I am very happy to share these with any interested Early Years Educators:

  1. A link padlet for other early years educators to add images, article, wonderings
  2. Choice Voice Agency – Link to Google slides I shared this with participants
  3. Padlet to add your examples of Learner Agency (3-6 yr olds)

On Monday morning, I returned to UNIS Hanoi, to 18 little eager faces, feeling inspired, tired, yet keen to implement some of the playful ideas I’d just learned at the conference. However, I was feeling under pressure. I had just 2 days to prepare my kids for their Student Led Conferences.

I sat with each child, ready to help them be reflective. So with the red, yellow and black hats in hand, I scribed their thoughts. What are you proud of? What compliments do you give yourself? What are your challenges? What can you do now that you couldn’t do at the beginning of the year? Look at the IB Learner Profile- which ones are you already good at ? What are some things you cannot do yet that you want to learn? What is challenging for you? How do you feel about your learning? Are you happy at school?
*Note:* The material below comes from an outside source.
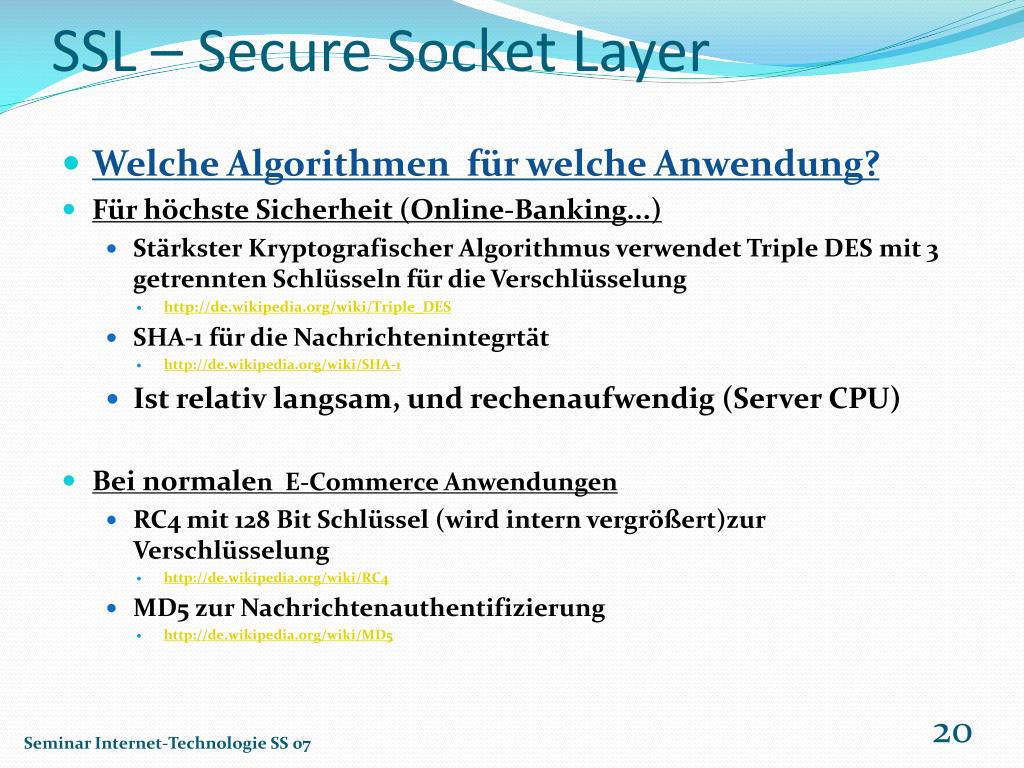 SSL – Secure Socket Layer • Welche Algorithmen für welche Anwendung? • Für höchste Sicherheit (Online-Banking...) • Stärkster Kryptografischer Algorithmus verwendet Triple DES mit 3 getrennten Schlüsseln für die Verschlüsselung • http://de.wikipedia.org/wiki/Triple_DES • SHA-1 für die Nachrichtenintegrtät • http://de.wikipedia.org/wiki/SHA-1 • Ist relativ langsam, und rechenaufwendig (Server CPU) • Bei normalen E-Commerce Anwendungen • RC4 mit 128 Bit Schlüssel (wird intern vergrößert)zur Verschlüsselung • http://de.wikipedia.org/wiki/RC4 • MD5 zur Nachrichtenauthentifizierung • http://de.wikipedia.org/wiki/MD5 Seminar Internet-Technologie SS 07

Why? 

After school on Monday I posted this on twitter:

Tuesday morning I found this reply: ( Oops, excuse the typos !)

The #SLC’s on Wednesday in K2C were successful. I felt a great sense of pride as I watched/listened to the parents learn from their five and six year old ‘teachers’!

On Wednesday night, I joined the #KchatAP Twitterchat. The topic was Student Led conferences in the Early Years, so I shared this iMovie of How to prepare for SLC’s with my #PLN in the twittersphere.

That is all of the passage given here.